Etrafımızdakileri, nitekim onların gereksinimlerini keşfedecek kadar tanımaya çalışmak çok zordur. Birini nitekim tanımak, gitmeye muhtaçlık duyduğu yere kadar ona eşlik etmeyi göze almak demektir” dedi.
“DUYGULARIMIZA VE DAVRANIŞLARIMIZA REHBERLİK EDER”
Bir yol seçmenin ve o yolda yürümenin yürek istediğini söyleyen Tuncer, “Seçtiğimiz yolda yürümek kadar, yanılgıyı kabul edip farklı bir metot denemek de yürek ister. Fare ile insan içindeki farkı anlatan şu öyküyü düşünelim: Şayet peyniri farenin onu bulacağını düşündüğünüz yerden kaldırırsanız, fare bir müddet daha sonra peyniri farklı yerlerde aramaya başlar. İnsan ise sonsuza kadar peyniri birebir yerde aramaya devam eder. Zira biz beşerler peynirin orada olması gerektiğine inanırız. Bu yüzden metot değiştirme gereksinimi hissetmeyiz. İnançlarımız, fikirlerimiz; hislerimize ve davranışlarımıza rehberlik eder. İnançlarımız kusurlu olduğu sürece benliğimiz ve etrafımızdakiler bu durumdan etkilenir” sözlerini kullandı.
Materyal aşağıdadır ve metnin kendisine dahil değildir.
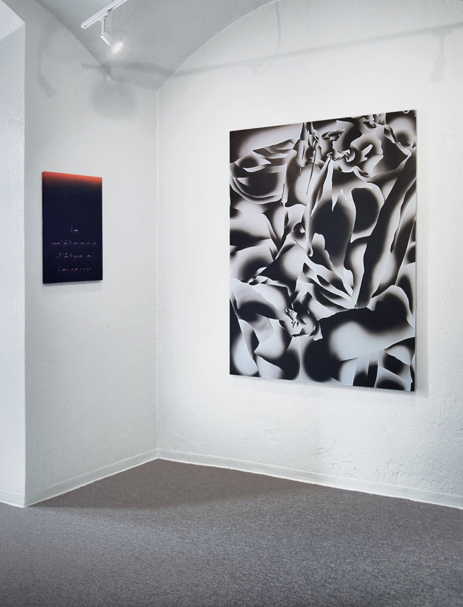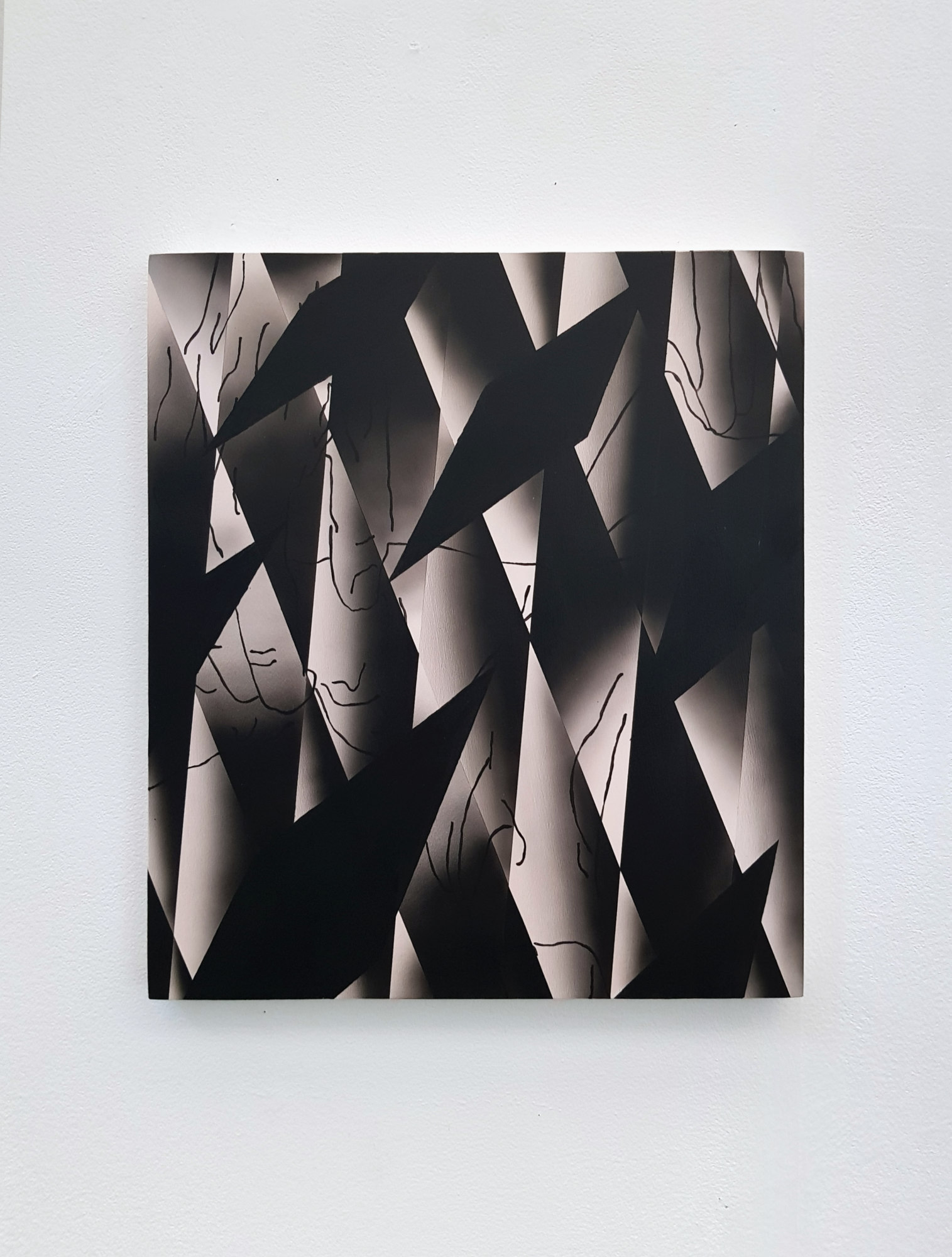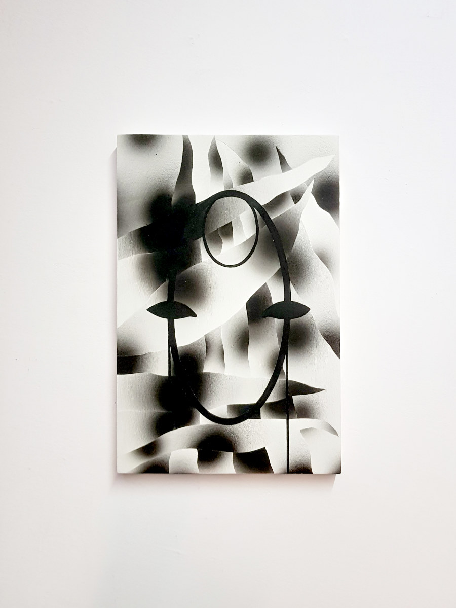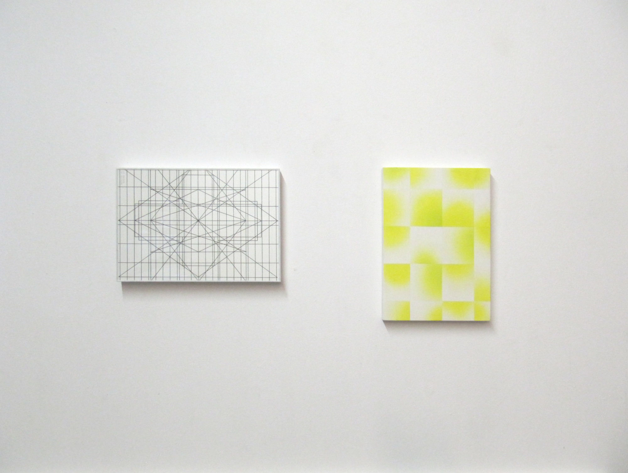 peinture fluorescente en aérosol sur papier, peinture sur verre.

“BAŞARIYI GETİREN EN KIYMETLİ ŞEY İNANÇ VE HEYECANDIR”
her insanın başarılı olmak istediğini ve alanında en düzgünü olmayı düşlediğini lisana getiren Tuncer, “Bence başarıyı getiren en kıymetli şey inanç ve heyecandır. Bu ikisi yan yana olmalıdır. İnanç yoksa devamlılığınız olmaz. Bu da eylemsizlik manasına gelir. İç dünyamız hakkında ne kadar epeyce şey bilirsek, etrafımızdakilerle kurduğumuz bağlantı o kadar esnekleşir ve onların gereksinimlerine ahenk sağlayabiliriz. Yaptığınız şey sizi heyecanlandırmıyorsa, üretkenliğiniz yok olur ve yerinizde saymaya başlarsınız. Bu da ömrün otomatikleşmesine ve fark oluşturamamaya yol açar. Başarısızlık karşısında yol değiştirme hamasetini göstermeliyizdir. Bilgisizliğimiz tabansız kuyu değildir, içi bilgi ve tecrübe ile doldurulacak bir kaptır” kelamlarına yer verdi.